And he shook his fist under Vaviloff's nose, and gnashed his teeth.
After he had left, Vaviloff smiled cunningly and blinked his eyes rapidly. Then two large tears rolled down his cheeks. They were hot and grimy, and as they disappeared into his beard, two others rolled down in their place. Then Vaviloff retired into the back room, and knelt in front of the eikons; he remained there for some time motionless, without wiping the tears from his wrinkled brown cheeks.
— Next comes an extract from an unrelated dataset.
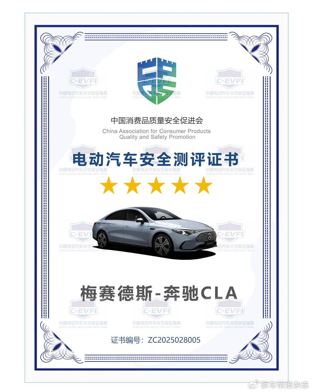 全新純電長軸距CLA采用多級高壓安全理念,在碰撞時車輛的高壓系統可以自動關閉,電池包毫秒級切斷高壓響應,2秒內電壓歸零。日前,全新純電長軸距CLA通過了中國電動汽車火災安全指數的測評,獲得五星安全認證:在第三方測試中,在單個電芯熱失控后,整車未起火、未爆炸,動力電池熱穩定性滿足2026年生效的新國標的要求。

Deacon Tarass, who had always a fancy for the open air, proposed to the outcasts they should go out into the fields, and there in one of the hollows, in the midst of nature's beauties, and under the open sky, should drink Vaviloff's vodka. But the captain and the others unanimously scouted the deacon's ideas of nature, and decided to have their carouse in their own yard.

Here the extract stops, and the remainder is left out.